D. Medical and Vocational Experts¶ 22. Adney contends that Kettering should have hired an expert to conduct an independent medical examination of Gronquist. Kettering testified at deposition that he decided not to hire an expert based on the facts of the case and his experience with similar personal injury actions. He reviewed Gronquist’s medical records, and there was no dispute that Gronquist suffered catastrophic injuries due to the collision with Adney.[4] Kettering decided that one more medical expert testifying as to the severity of Gronquist’s injuries would serve only to bolster the case against Adney.

¶ 23. In support of his assertions, Adney offered the testimony of two legal experts who disagreed with Kettering’s decision. However, the experts merely expressed a different opinion from Kettering’s. As indicated, we conclude that Kettering exercised his judgment in good faith when he decided not to employ an independent medical examiner for the defense, and Adney did not raise a genuine issue of material fact to preclude summary judgment in favor of Kettering on the negligence issue. Moreover, Adney failed to show what an independent medical examiner’s testimony would have accomplished that would have decreased Adney’s liability or the judgment against him.

IV. Conclusion¶ 24. We conclude, as a matter of law, on the undisputed facts, that judgmental immunity covers Kettering’s strategy for Adney’s defense. Moreover, Adney failed to present sufficient evidence to create genuine issues of material fact and preclude summary judgment in favor of Kettering on whether he was negligent by not pursuing a seat belt defense and not hiring medical or vocational experts.

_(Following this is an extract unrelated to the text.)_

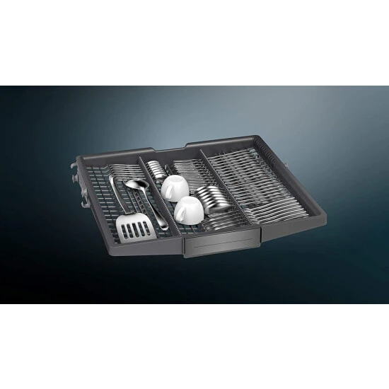 Hervorragender Zeolith®-Geschirrspüler mit einem intensiven Reinigungsbereich im Oberkorb, der glassZone, welche auch für empfindliche Gläser geeignet ist. Durch varioScharnier auch ideal für spezielle Einbausituationen. Für eine bis zu dreimal so schnelle Programmlaufzeit, jederzeit und von überall zuschaltbar dank Home Connect App und varioSpeed Plus on demand. Bis zu dreimal so schnell, genauso gründlich sauber und trocken: Mit varioSpeed Plus on demand verkürzen Sie die Laufzeit eines Programms. Den Spül–Turbo können Sie auch auch bei bereits laufendem Spülprogramm jederzeit zuschalten – mit der Home Connect App sogar von unterwegs. Für hohen Bedienkomfort, wirksamen Gläserschutz und schnelles Be- und Entladen – flexComfort Körbe und Schubladen. Ob Teller, Töpfe, Tassen oder Weingläser – in Siemens flexComfort Körben findet jedes Geschirrteil schnell seinen Platz. Dank neuer Sicherheitsausstattung können Sie jetzt auch ihre besten Gläser bedenkenlos in Ihren Geschirrspüler stellen. Zudem erleichtern Ihn die neuen reibungsarmen Laufräder das Be- und Entladen. Ansprechende Beleuchtung des Innenraums Ihres Geschirrspülers – emotionLight. Zwei LED-Lichter oben am Türrahmen tauchen den gesamten Innenraum des Geschirrspülers und Ihr Geschirr in stimmungsvolles blaues oder weißes Licht. Immer das Wichtigste im Blick mit der elegant blauen Lichtleiste als Betriebsanzeige – sideLight. Betriebsanzeige in eleganter Optik: Mit dem sideLight erkennen Sie sofort, ob das Spülprogramm noch läuft. Während des Betriebs leuchtet die blaue Lichtleiste den linken Möbelspalt neben dem Geschirrspüler aus. Für gehobene Ansprüche bei Geräten mit varioScharnier und ideal für den Hocheinbau. Optimaler Einbau in Ihre Küche – varioScharnier. Küchen können ganz unterschiedlich sein. varioScharnier bietet dabei optimale Flexibilität beim Einbau Ihres Geschirrspülers. Bei Geräten mit varioScharnier verschiebt sich die voll integrierte Möbelfront beim Öffnen des Geräts leicht nach oben. So lassen sich größere Spaltmaße zwischen den Fronten der Küchenelemente vermeiden. Außerdem werden Kollisionen mit Sockel und Bodenwanne verhindert. varioScharnier ermöglicht den Einbau Ihres Geschirrspülers mit einer Sockelleiste von nur 5 cm. Wählen und starten Sie Ihr Spülprogramm bequem über die Home Connect App – Fernsteuerung. Mit der Home Connect App können Sie problemlos Programme und Funktionen auswählen und Ihren Geschirrspüler jederzeit von unterwegs starten. So haben Sie die Gewissheit, dass Ihr Geschirr genau dann sauber und trocken ist, wenn Sie es brauchen. Behalten Sie Ihren Geschirrspüler stets im Blick – Remote Monitoring. Mit Home Connect können Sie jederzeit nach Ihrem Geschirrspüler von Siemens sehen – egal, wo Sie sich gerade befinden. Sie müssen nicht mehr persönlich nachsehen, ob das Gerät noch läuft. Wenn das Geschirr sauber und trocken ist, erhalten Sie eine Push-Benachrichtigung von der Home Connect App. Mit der Home Connect App finden Sie immer das richtige Spülprogramm – easyStart. Mit easyStart bedienen Sie Ihren Geschirrspüler jetzt leichter denn je. Beantworten Sie hierfür einfach ein Paar Fragen zu Ihren Spülpräferenzen und der Art des Geschirrs mittels Home Connect App. Die App empfiehlt Ihnen dann automatisch das richtige Programm und Sie können es auch von unterwegs starten. Sie werden benachrichtigt, wenn die Spülmaschinentabs knapp werden – Tab Counter. Der Tab Counter bietet Komfort und Entspannung. Geben Sie in Ihrer Home Connect App einfach an, wie viele neue Spülmaschinentabs Sie gekauft haben. Auf Ihrem Smartphone können Sie dann jederzeit und von unterwegs einsehen, wie viele Tabs noch vorrätig sind. Sollte Ihr Vorrat zur Neige gehen, werden Sie automatisch daran erinnert, neue Tabs zu kaufen. Für eine sichere und schonende Reinigung Ihrer wertvollsten Gläser – glassZone. Ganz sicher sauber: Dank der neuen glassZone können Sie jetzt selbst ihre wertvollsten Gläser beruhigt in den Geschirrspüler stellen. Sechs integrierte Düsen sorgen für eine kontinuierliche, aber sanfte Wasserzufuhr und ermöglichen damit eine gründliche Reinigung, ohne sensible Materialien zu beschädigen. Zusätzlich schützen integrierte Anlageflächen aus speziellem Antirutsch-Material vor mechanischer Beanspruchung und geben Ihren Gläsern einen sicheren Halt. Oberkorb mit drei höhenverstellbaren Stufen – rackMatic. rackMatic erleichtert das Be- und Entladen, insbesondere bei großen Töpfen oder Tellern. Der in der Höhe verstellbare Oberkorb lässt sich problemlos dreistufig verstellen, um sich den individuellen Platzbedürfnissen anzupassen. Funktioniert auch im beladenen Zustand. Unsere Profis analysieren Probleme über Fernzugang – remoteDiagnostics. Sollte es einmal Probleme mit Ihrem Geschirrspüler geben, bietet Ihnen Home Connect die bequeme Möglichkeit der Ferndiagnose. Mit Ihrer Erlaubnis greift ein Siemens Kundendienstmitarbeiter dann auf das Gerät zu und ermittelt die potentielle Fehlerquelle. Wenn sich diese aus der Ferne nicht beheben lässt und es doch zu einem persönlichen Kundendienstbesuch kommt, ist unser Techniker optimal vorbereitet und hat direkt die benötigten Ersatzteile für Sie dabei. Kombinieren Sie Ihre persönlichen Programme und Optionen auf einer Taste. Für eine schnelle, bequeme und individuelle Programmauswahl – Favoriten Taste. Ihre persönlichen Champions mit einem Klick: Mit der Favoriten Taste wird ihr Geschirrspüler noch individueller. Hinterlegen Sie dort einfach ihre beliebteste Kombination aus Spülprogramm und Optionen. Sie können diese bequem per Knopfdruck oder über die Home Connect App aufrufen. Das aquaStop®-System verhindert jede Art von Wasserschaden – sei es durch eine undichten Zulaufschlauch oder am Gerät selbst. Sobald eine Undichtigkeit erkannt wird, stellt aquaStop® den Wasserzulauf direkt an der Armatur ab. Effizient, langlebig und leis
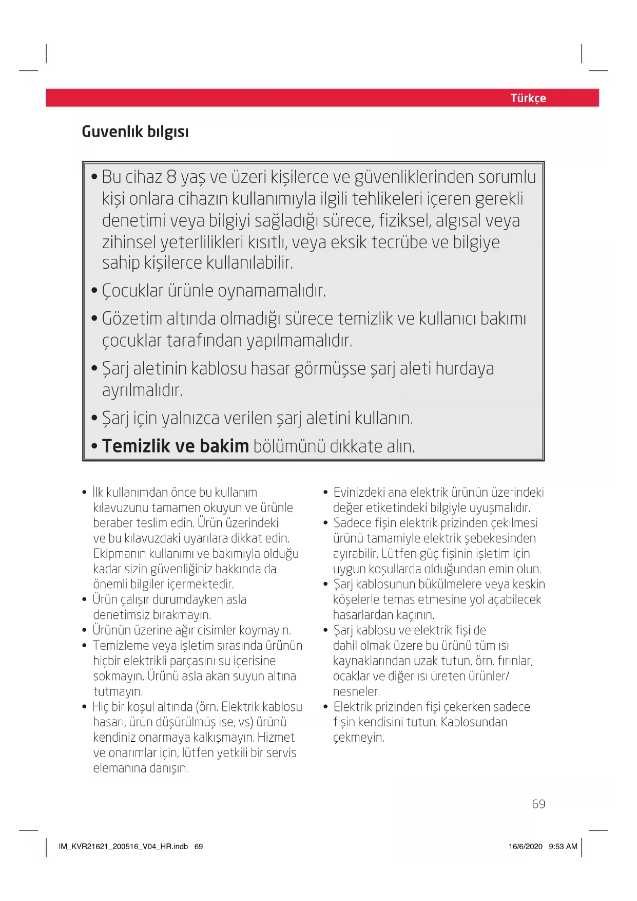 - Elektrik prizinden fişi çekerken sadece fişin kendisini tutun. Kablosundan çekmeyin. IM_KVR21621_200516_V04_HR.indb 69IM_KVR21621_200516_V04_HR.indb 69 16/6/2020 9:53 AM16/6/2020 9:53 AMSize - A5 Türkçe

As a matter of law, Kettering did not violate the standard of care he owed Adney. We therefore affirm the trial court’s judgment.

By the Court. — Judgment affirmed.

[1] Because of our resolution of this case, we need not address Adney’s actual damages and public policy arguments. See Sweet v. Berge, 113 Wis.2d 61, 67, 334 N.W.2d 559 (Ct.App. 1993). Additionally, Adney argues for the first time on appeal that Kettering’s trial performance and failure to conduct further investigation constituted negligent representation. Our resolution of the case precludes our consideration of these arguments, but they also would not be considered because they are raised for the first time on appeal. See id.
[2] Adney did not file a reply brief. As a result, he made no attempt to dispute Kettering’s judgmental immunity argument or distinguish this case from Kettering’s interpretation of Helmbrecht v. St. Paul Ins. Co., 122 Wis.2d 94, 362 N.W.2d 118 (1985).
[3] Kettering was aware that independent evaluations of Gronquist’s injuries performed in connection with his claim for worker’s compensation merely reinforced the seriousness and debilitating nature of the injuries.
[4] Adney concedes that Gronquist would have been awarded several million dollars, even in the absence of Kettering’s alleged negligence.